What you will do: Leave out the pictures, and write out exactly the lines from the beginning of the material to the line holding "- Zwetschkensulz aus", that line included, and nothing else.

▶

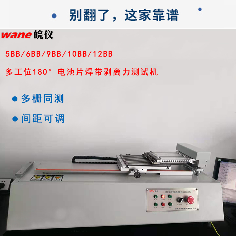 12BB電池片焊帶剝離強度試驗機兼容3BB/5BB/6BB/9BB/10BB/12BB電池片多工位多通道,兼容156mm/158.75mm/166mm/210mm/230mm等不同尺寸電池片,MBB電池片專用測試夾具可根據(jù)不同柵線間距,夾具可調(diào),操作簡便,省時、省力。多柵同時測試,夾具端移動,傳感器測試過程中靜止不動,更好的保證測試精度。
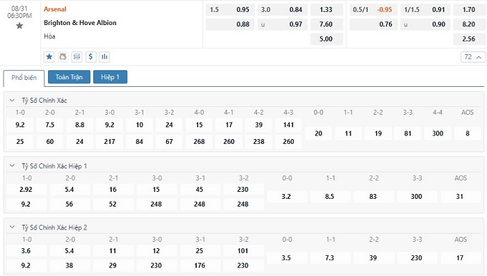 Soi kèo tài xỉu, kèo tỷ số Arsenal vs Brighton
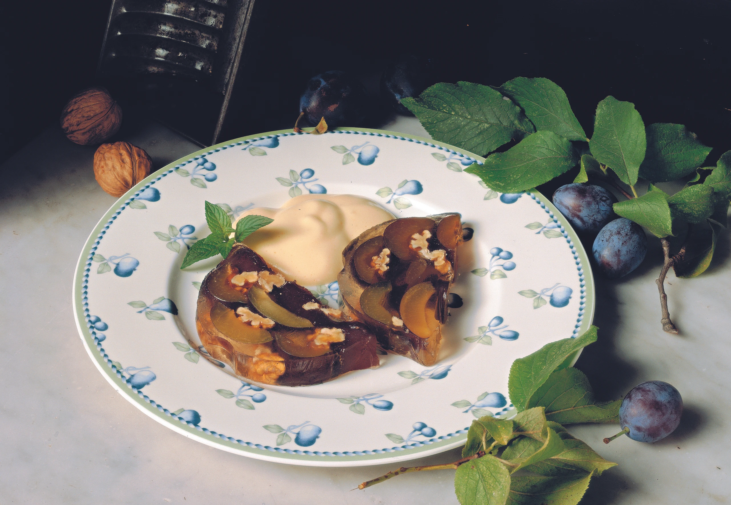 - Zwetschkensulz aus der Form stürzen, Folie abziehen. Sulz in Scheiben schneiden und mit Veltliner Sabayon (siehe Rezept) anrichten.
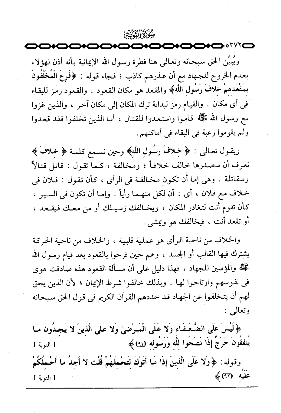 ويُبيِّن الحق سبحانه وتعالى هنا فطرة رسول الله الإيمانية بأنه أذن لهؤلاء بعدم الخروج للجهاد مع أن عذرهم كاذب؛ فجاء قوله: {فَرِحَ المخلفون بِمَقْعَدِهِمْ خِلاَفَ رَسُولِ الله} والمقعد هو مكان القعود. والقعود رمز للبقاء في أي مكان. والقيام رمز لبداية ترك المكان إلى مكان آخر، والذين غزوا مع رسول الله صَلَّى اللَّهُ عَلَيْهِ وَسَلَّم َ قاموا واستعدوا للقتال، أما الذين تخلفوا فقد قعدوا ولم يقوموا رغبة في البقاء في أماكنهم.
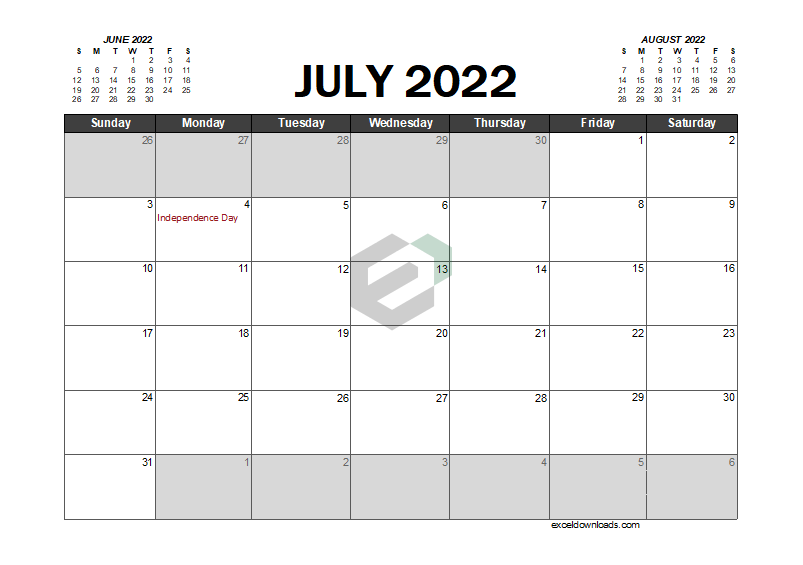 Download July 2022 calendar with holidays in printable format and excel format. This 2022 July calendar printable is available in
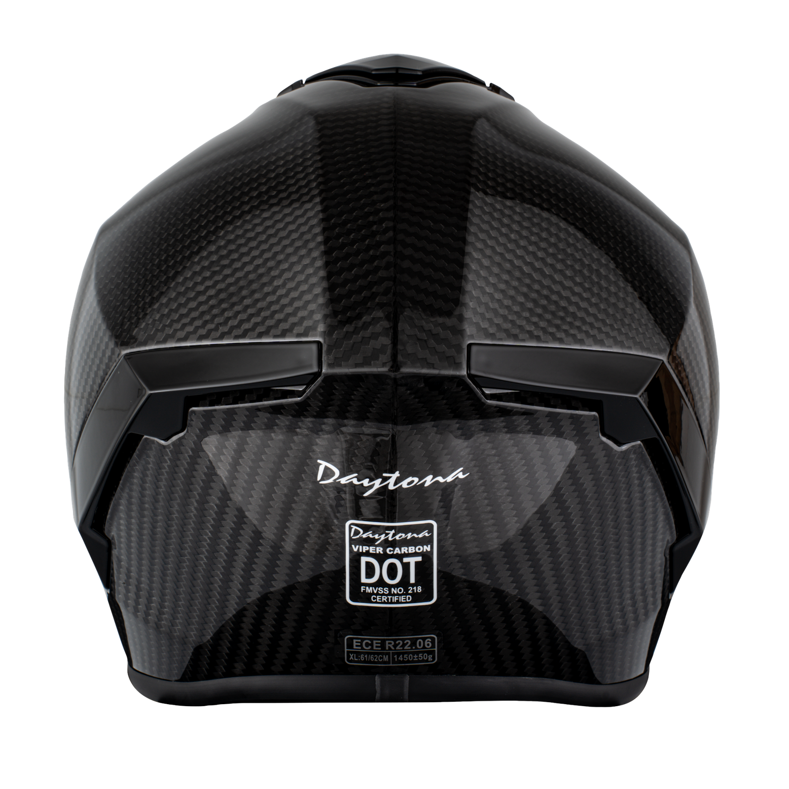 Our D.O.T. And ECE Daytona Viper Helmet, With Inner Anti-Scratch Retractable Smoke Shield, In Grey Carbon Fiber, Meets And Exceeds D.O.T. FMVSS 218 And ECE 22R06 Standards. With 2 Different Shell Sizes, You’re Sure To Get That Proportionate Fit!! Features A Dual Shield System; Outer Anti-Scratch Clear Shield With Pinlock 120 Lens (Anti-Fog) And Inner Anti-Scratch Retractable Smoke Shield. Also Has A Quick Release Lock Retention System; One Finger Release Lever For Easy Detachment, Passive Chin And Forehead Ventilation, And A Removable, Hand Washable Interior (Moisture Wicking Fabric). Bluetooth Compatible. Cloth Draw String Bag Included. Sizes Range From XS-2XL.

◀

Answer below:
 12BB電池片焊帶剝離強度試驗機兼容3BB/5BB/6BB/9BB/10BB/12BB電池片多工位多通道,兼容156mm/158.75mm/166mm/210mm/230mm等不同尺寸電池片,MBB電池片專用測試夾具可根據(jù)不同柵線間距,夾具可調(diào),操作簡便,省時、省力。多柵同時測試,夾具端移動,傳感器測試過程中靜止不動,更好的保證測試精度。
 Soi kèo tài xỉu, kèo tỷ số Arsenal vs Brighton
 - Zwetschkensulz aus der Form stürzen, Folie abziehen. Sulz in Scheiben schneiden und mit Veltliner Sabayon (siehe Rezept) anrichten.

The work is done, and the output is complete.